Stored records
......
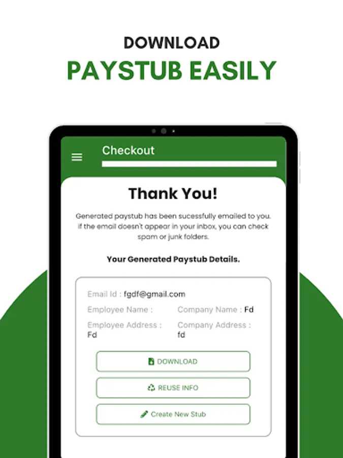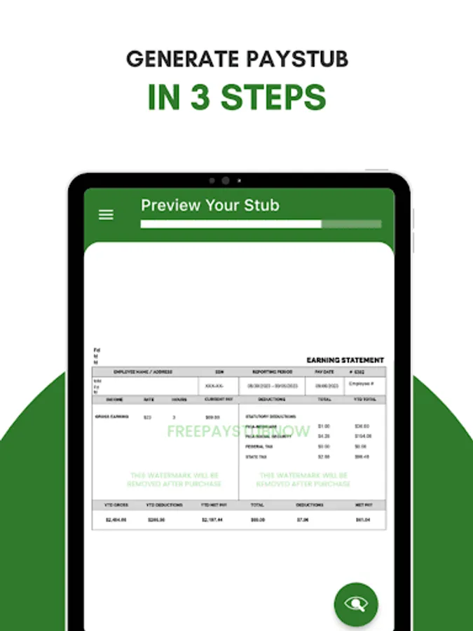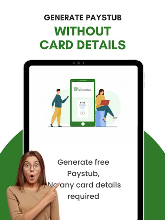 Our app is completely free to use as no credit card or debit card is required! Very Easy! Generate free pay check stub without any trouble and as much as you want.
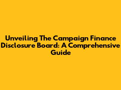 Unveiling The Campaign Finance Disclosure Board: A Comprehensive Guide
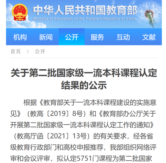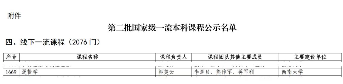 2023年4月11日,教育部高等教育司发布《关于第二批国家级一流本科课程认定结果的公示》,我院郭美云教授负责的《逻辑学》课程被认定为第二批国家级一流本科课程(公示)。
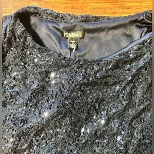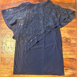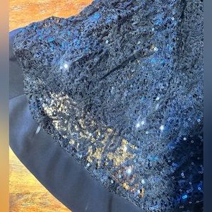 Beautiful Roxy & Ali dress. Great for any special occasion! Navy blue. Attached flows sparkling cover up with built in slip underneath!
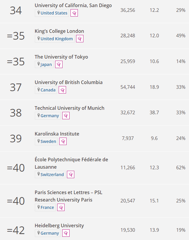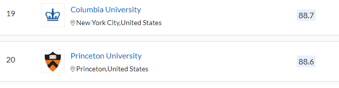 THE 세계 대학 순위를 보면 1위는 옥스포드, 2위 캘리포니아공과대학(미국), 하버드대(미국), 4위 스탠퍼드대, 5위 케임브리지대(영국),MIT(매사추세츠 공과대학), 7위 프린스턴 대, 8위 캘리포니아 대(버클리캠퍼스), 9위 예일대, 10위 시카고 대학 순입니다. 옥스포드와 케임브리지를 제외하면 모두 미국 대학입니다. 아시아 권 대학으로는 중국의 베이징 대학과 칭화대학이 함께 16위를 기록하며 가장 높은 순위입니다. 다음으로 싱가포르 국립대학(21위), 홍콩대학(30위), 일본 도쿄대학(35위) 순입니다. 유럽 스위스의 취리히 연방공과대학교(15위), 캐나다 토론토 대학(18위)도 순위가 높은 대학입니다.
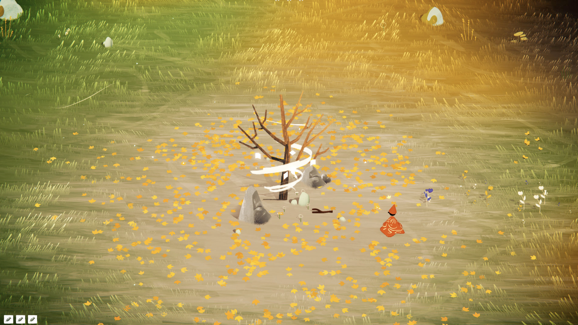 À l’image du rapport de compromis mutuels qu’entretiennent les humains avec le monde naturel, le jeu consiste à faire avancer un personnage mystique à travers la forêt, la prairie et la toundra, à la recherche de capsules poétiques qui parsèment le paysage. Une fois activées, les capsules dévoilent les mots que dissimule le vent, insufflant une vie nouvelle à la flore et à la faune environnantes. Des fleurs se mettent à pousser sous les pas du personnage, les arbres nus se couvrent de feuilles, des oiseaux et des papillons apparaissent. Au fil du parcours, les mots révélés se conjuguent, composant des vers qui traduisent en poésie notre éternel besoin d’immortaliser ces instants fugitifs.
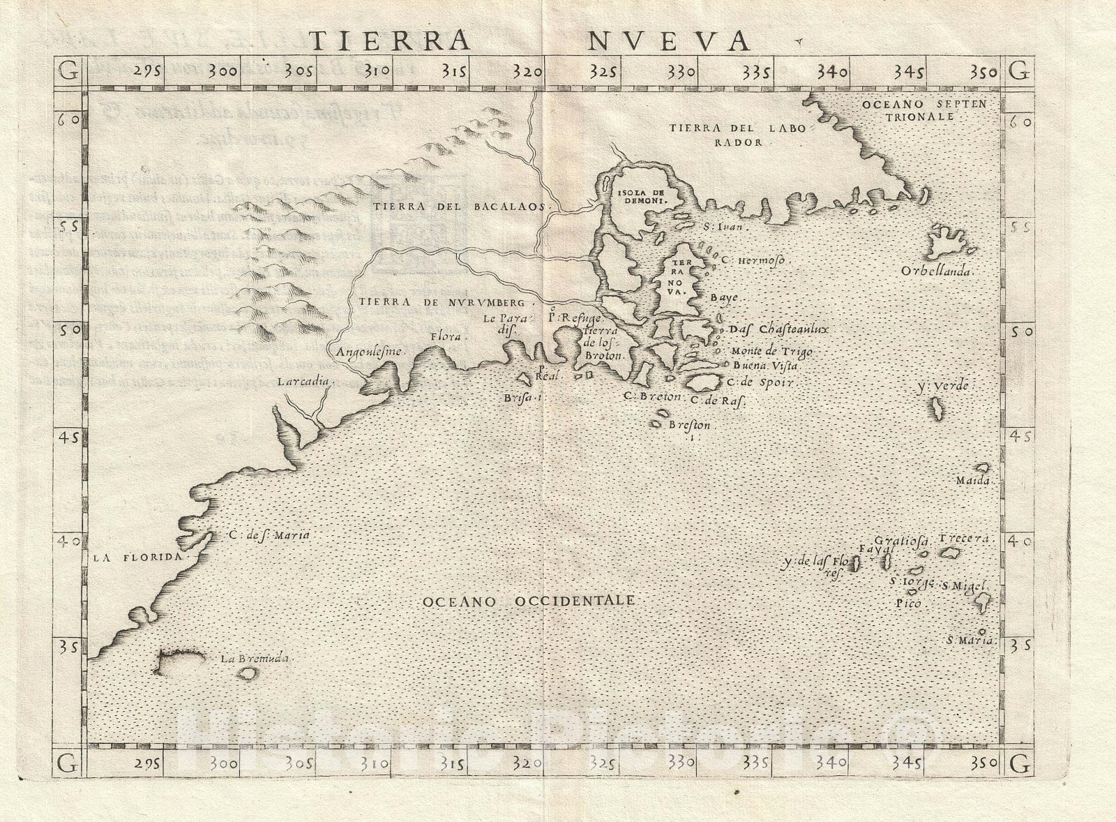Historic Map : New England and The Maritimes "Norumbega", Ruscelli, 1561, Vintage Wall Art
......
* **DESCRIPTION OF THE TASK**
Only the lines from the start of the records to the one containing "Beautiful Roxy &" should be repeated, exactly and with both ends kept; drop any pictures.

* **YOUR SOLUTION**
 Our app is completely free to use as no credit card or debit card is required! Very Easy! Generate free pay check stub without any trouble and as much as you want.
 Unveiling The Campaign Finance Disclosure Board: A Comprehensive Guide
 2023年4月11日,教育部高等教育司发布《关于第二批国家级一流本科课程认定结果的公示》,我院郭美云教授负责的《逻辑学》课程被认定为第二批国家级一流本科课程(公示)。
 Beautiful Roxy & Ali dress. Great for any special occasion! Navy blue. Attached flows sparkling cover up with built in slip underneath!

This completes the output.